I admit I get anxiety by listening/watching/reading the news.
post #38 of 93
Quote:
"What would we DO all day?" (Um....how about hang laundry?)
Thatliterally just made me snort water up my nose, in my attempt to not wake up the sleeping babe in my lap!!!
post #39 of 93
Quote:
Originally Posted by EFmom View Post
As for energy prices, it's inevitable. My dad was an engineer in the energy field, and this stuff was dinner table conversation at least three nights a week. Oil is a finite resource. We need to develop alternative energy sources. No matter what we do, energy is going to continue to take a bigger chunk out of everyone's budget for the forseeable future, because alternative energy will not be as cheap or abundant as oil used to be.
Right on, sister. We bought fuel-efficient cars. The rising gas prices will not affect me much. My car gets 35 mpg and I drive 25 mi to work each way 3 x per week. It's $72 per month. Sure, I'd like to drive even less and can work on that in the future.

Quote:
Originally Posted by EFmom View Post

What ticks me off is that the country was starting to take rational steps toward developing alternative energy and conservation during the Carter years. Then Reagan came in and trashed all those programs. Why people think Carter was so terrible and Reagan so great is beyond me.
That ticks me off, too. I think the Reagan love might have to do with that deal where they waited for Carter to be out of office before they released the hostages. Then, everyone gave Reagan credit even though Carter had been the one doing all the negotiating work.

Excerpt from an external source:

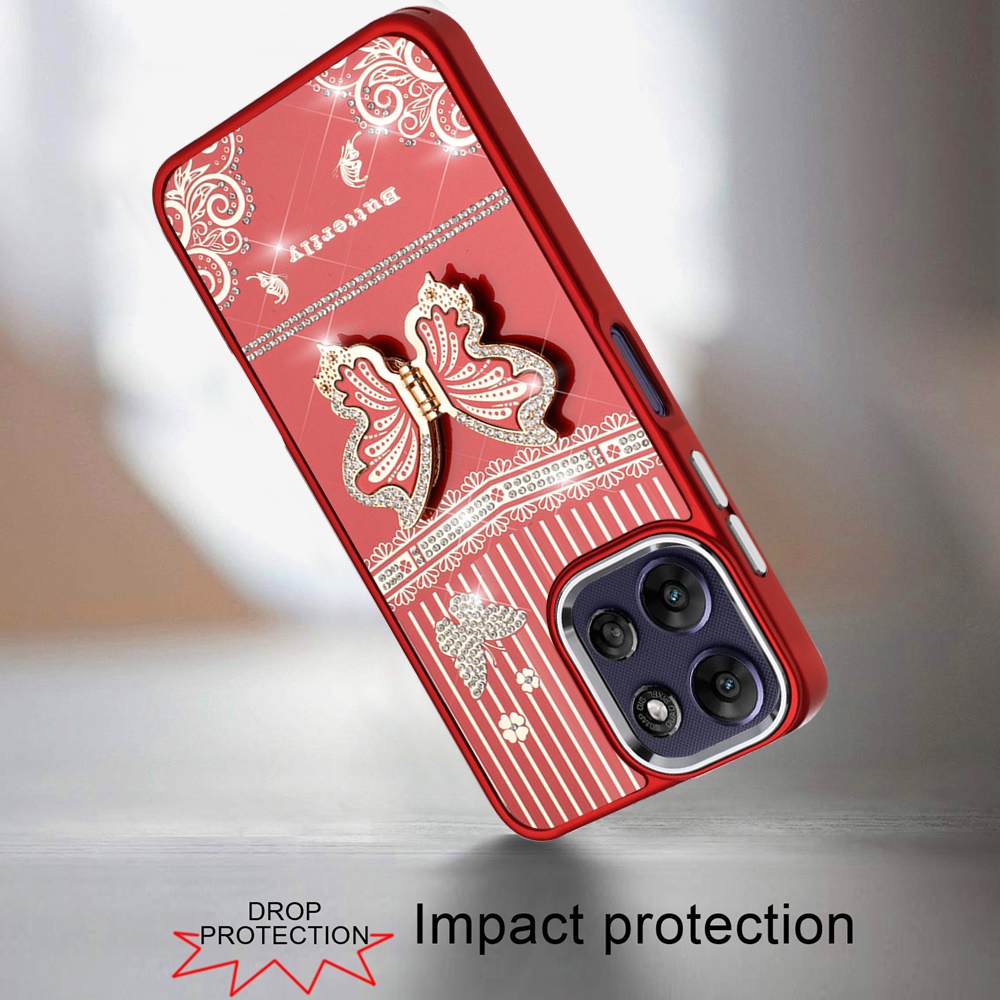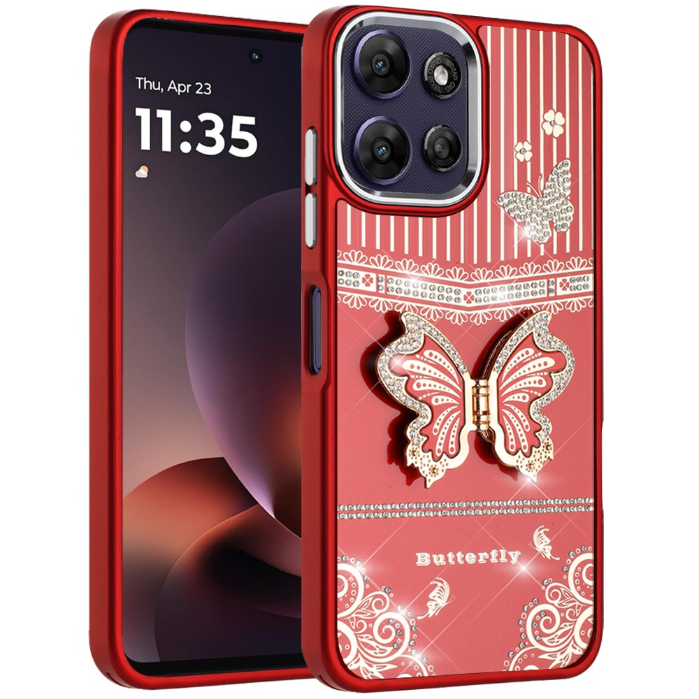 For Motorola Moto G Power 5G 2025 Splendid Glitter Butterfly Design Stand with Metallic Edges Hybrid Case - Red

So, what can we/you do to reduce your expenses and help the environment at the same time?

Now, that's it's warmer, we've stopped using heat. We'll not use AC. I want to install ceiling fans where possible.

I want to hang clothes outside rather than use the dryer. We did that for 6 months last year -- saved lots of energy and $$.

I also want to create a square foot garden to raise some of my own food. I'll also be buying food from a woman who raises food in her back yard. That will require less in fossil fuels than if I were getting tomatoes from Spain or something.

I telecommute 2 x per week to save gas, and I rarely buy clothes that require dry cleaning.

How about you?
post #40 of 93
Quote:
Originally Posted by llamalluv View Post
When I suggest a way to cut an expense to someone who is struggling, like hanging laundry, I hear "Oh, that's for poor people and I don't have time for that!" God forbid you suggest they cancel their cable "What would we DO all day?" (Um....how about hang laundry?)
You are my people! I love to hang laundry. We did that for about 6 months last year. I became more aware of the weather. I could not do laundry if it was raining, and that meant some 'forced' relaxation. Eventually, it became too cold and we replaced the dryer that broke. Now that it's warm, I want to get back to using the air and sun to dry our clothes.

We did cloth diapers until DD told me they "didn't feel good" but I'm going to get some cloth training pants. If it doesn't feel good, she can use the potty! Kidding kidding.